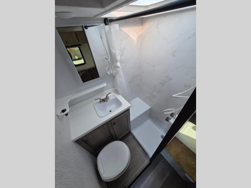 With any Sun Trek truck camper by Sunset Park RV, you will find a durable camper made to last thanks to the vacuum bonded laminated sidewalls and one-piece PVC roof membrane. You will also appreciate your choice of white or gray sidewalls, plus there are manual jacks outside and a 100-watt solar panel for some off-grid power. Inside, a power roof vent will help keep air moving, and you can choose an optional roof A/C if you enjoy camping in the summertime. Additional interior comforts include LED lights, tinted windows and solid surface countertops with a sink cover!
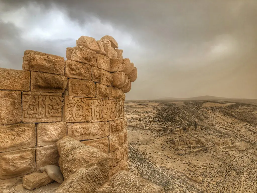 Visiting another significant crusader castle in the small village of Shobak along the King’s Road. Built in 1115. Here on the castle walls, you can still see Quranic inscriptions from around the time of Saladin. By the way, check out the yellow sky in this unedited picture. That’s what a dust storm looks like in the desert! It was eerie.
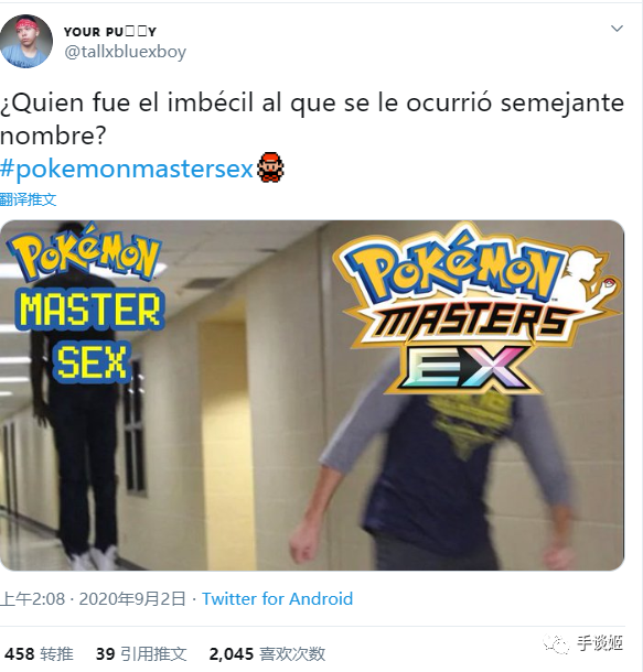 然而,姬友们注意到了吗,这游戏的名字如果不加空格和大小写就当话题tag的话,没玩过的人第一眼很容易看成pokémonmastersex,也就是pokémon master sex!
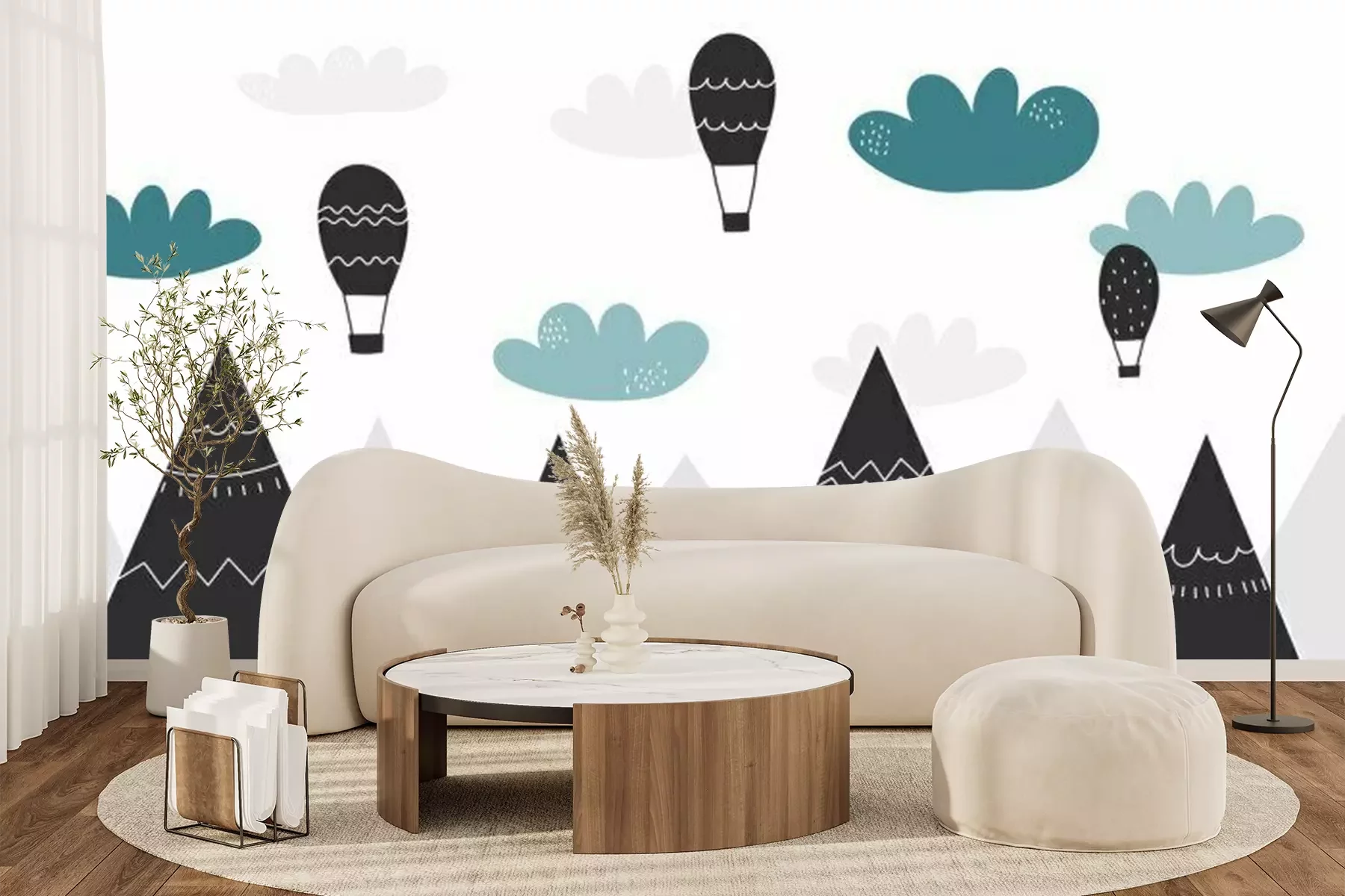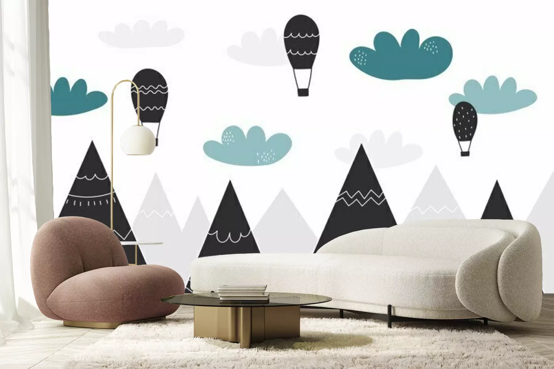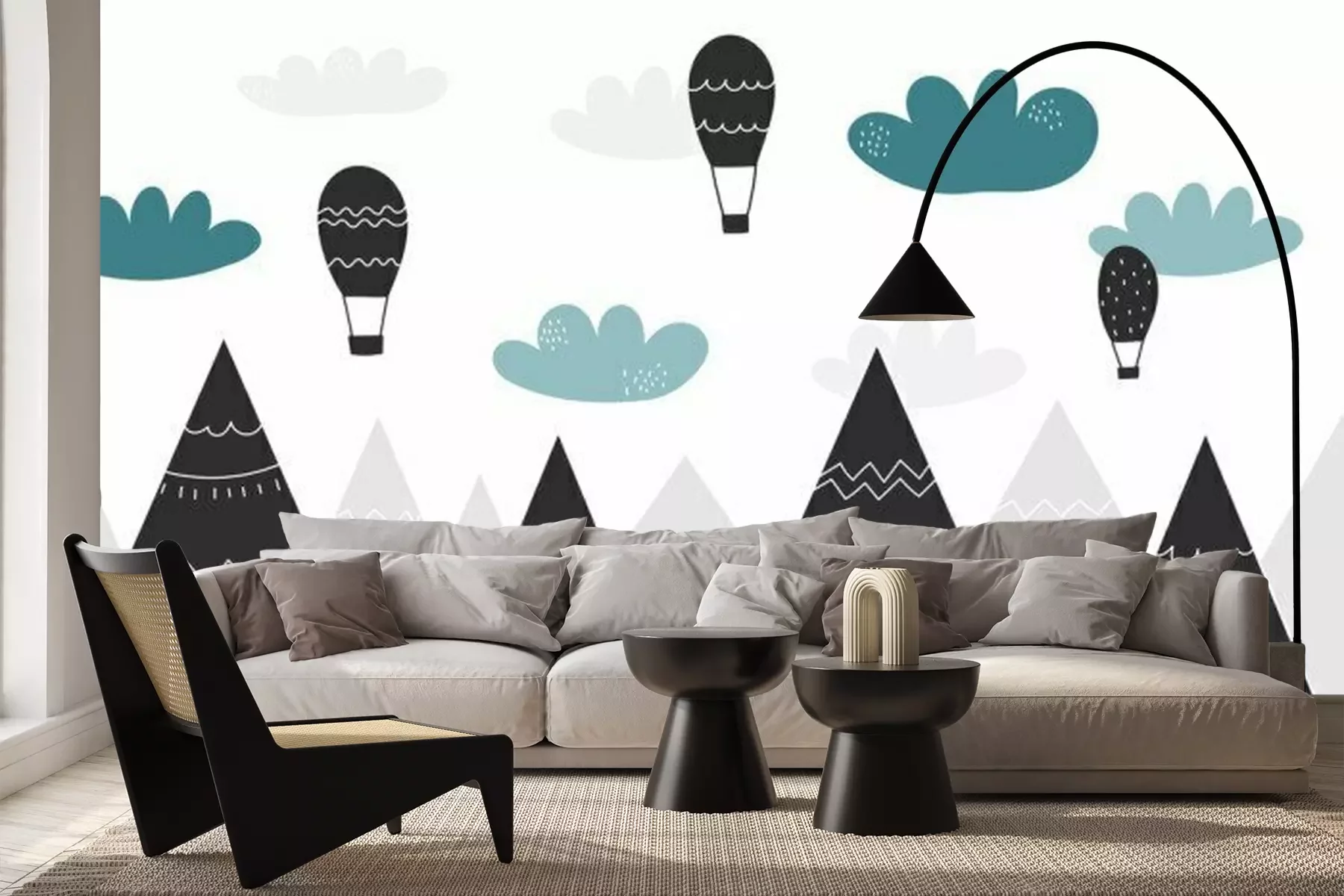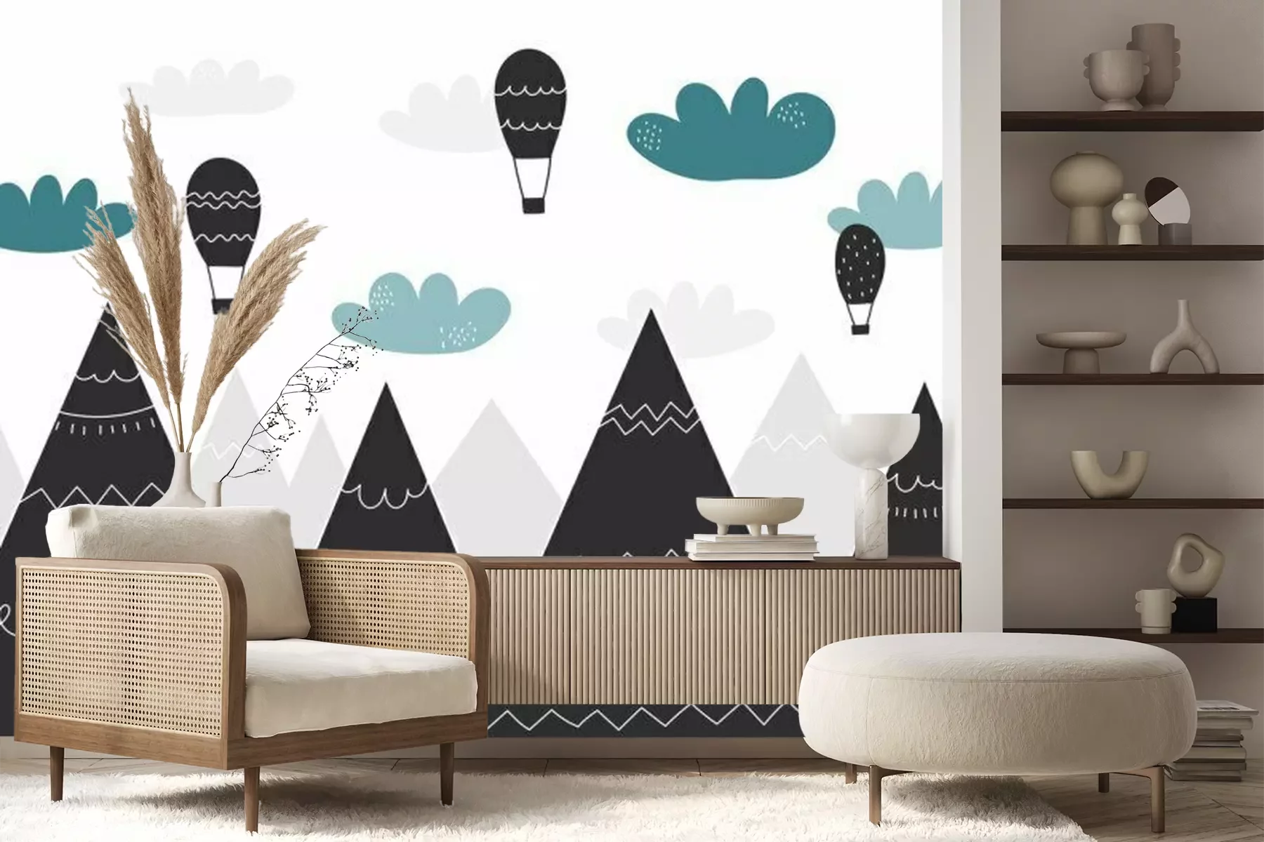 Sticker Vliegende ballonnen boven de bergen in Scandinavische stijl

++++++++

**WHAT IS BEING ASKED:**
Omit pictures; set down the rest of the material word for word.

**SOLUTION:**
 With any Sun Trek truck camper by Sunset Park RV, you will find a durable camper made to last thanks to the vacuum bonded laminated sidewalls and one-piece PVC roof membrane. You will also appreciate your choice of white or gray sidewalls, plus there are manual jacks outside and a 100-watt solar panel for some off-grid power. Inside, a power roof vent will help keep air moving, and you can choose an optional roof A/C if you enjoy camping in the summertime. Additional interior comforts include LED lights, tinted windows and solid surface countertops with a sink cover!
 Visiting another significant crusader castle in the small village of Shobak along the King’s Road. Built in 1115. Here on the castle walls, you can still see Quranic inscriptions from around the time of Saladin. By the way, check out the yellow sky in this unedited picture. That’s what a dust storm looks like in the desert! It was eerie.
 然而,姬友们注意到了吗,这游戏的名字如果不加空格和大小写就当话题tag的话,没玩过的人第一眼很容易看成pokémonmastersex,也就是pokémon master sex!
 Sticker Vliegende ballonnen boven de bergen in Scandinavische stijl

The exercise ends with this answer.